Segment Open
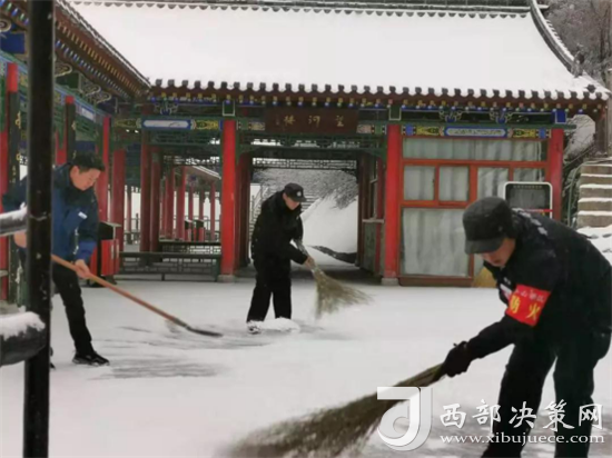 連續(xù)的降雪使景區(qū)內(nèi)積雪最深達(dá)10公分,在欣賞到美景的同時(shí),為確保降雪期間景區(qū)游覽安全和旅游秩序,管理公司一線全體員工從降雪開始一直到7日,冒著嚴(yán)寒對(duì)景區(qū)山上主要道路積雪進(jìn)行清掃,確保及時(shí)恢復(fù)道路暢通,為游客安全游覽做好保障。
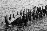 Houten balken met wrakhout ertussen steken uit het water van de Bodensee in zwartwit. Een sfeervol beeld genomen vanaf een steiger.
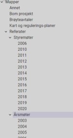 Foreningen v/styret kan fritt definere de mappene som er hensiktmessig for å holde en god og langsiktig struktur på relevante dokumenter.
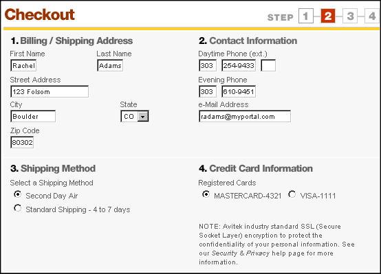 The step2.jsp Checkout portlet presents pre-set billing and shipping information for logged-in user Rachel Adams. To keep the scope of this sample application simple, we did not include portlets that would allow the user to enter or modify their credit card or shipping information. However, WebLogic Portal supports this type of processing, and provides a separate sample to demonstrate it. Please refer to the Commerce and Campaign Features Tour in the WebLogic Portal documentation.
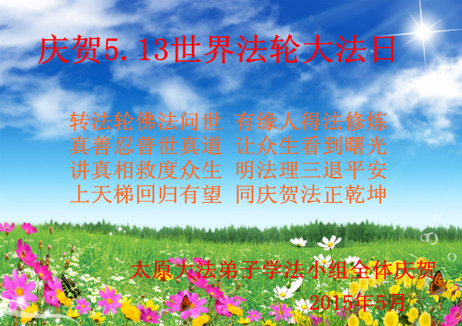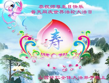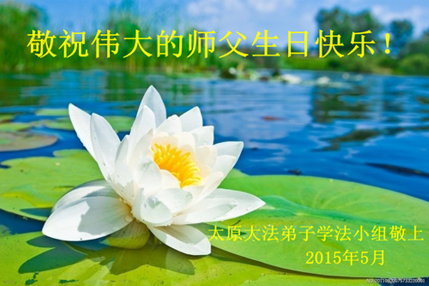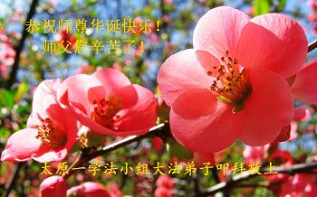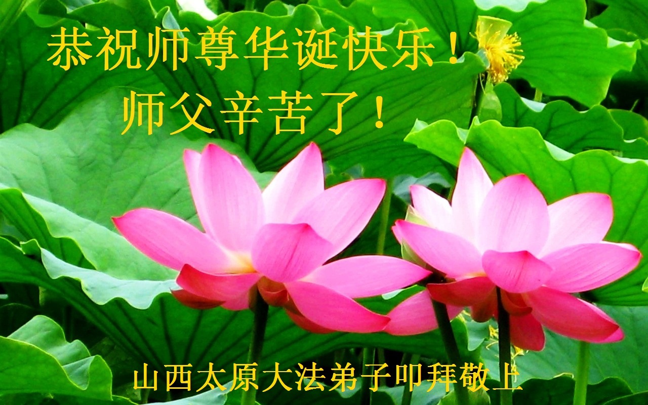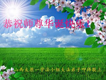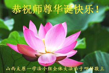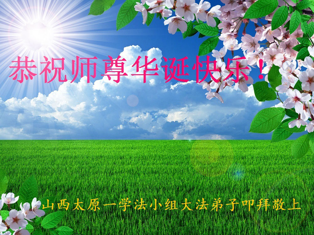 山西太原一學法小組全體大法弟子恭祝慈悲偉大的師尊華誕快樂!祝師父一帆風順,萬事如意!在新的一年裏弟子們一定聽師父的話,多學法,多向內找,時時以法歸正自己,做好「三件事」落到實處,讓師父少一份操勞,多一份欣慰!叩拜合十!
Segment Closed
Segment Open
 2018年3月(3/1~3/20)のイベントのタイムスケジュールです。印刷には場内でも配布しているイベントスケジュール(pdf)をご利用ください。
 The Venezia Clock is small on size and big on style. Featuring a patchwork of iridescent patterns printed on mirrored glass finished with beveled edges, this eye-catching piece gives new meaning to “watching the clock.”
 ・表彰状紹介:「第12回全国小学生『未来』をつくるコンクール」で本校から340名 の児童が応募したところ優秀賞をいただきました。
Segment Closed
* **Activity**
In the data above, find the line containing "Foreningen v/styret kan" and the line containing "山西太原一學法小組全體大法弟". Copy exactly the stretch from the first through the second, both included, leaving out any picture.

* **Response to the exercise**
 Foreningen v/styret kan fritt definere de mappene som er hensiktmessig for å holde en god og langsiktig struktur på relevante dokumenter.
 The step2.jsp Checkout portlet presents pre-set billing and shipping information for logged-in user Rachel Adams. To keep the scope of this sample application simple, we did not include portlets that would allow the user to enter or modify their credit card or shipping information. However, WebLogic Portal supports this type of processing, and provides a separate sample to demonstrate it. Please refer to the Commerce and Campaign Features Tour in the WebLogic Portal documentation.
 山西太原一學法小組全體大法弟子恭祝慈悲偉大的師尊華誕快樂!祝師父一帆風順,萬事如意!在新的一年裏弟子們一定聽師父的話,多學法,多向內找,時時以法歸正自己,做好「三件事」落到實處,讓師父少一份操勞,多一份欣慰!叩拜合十!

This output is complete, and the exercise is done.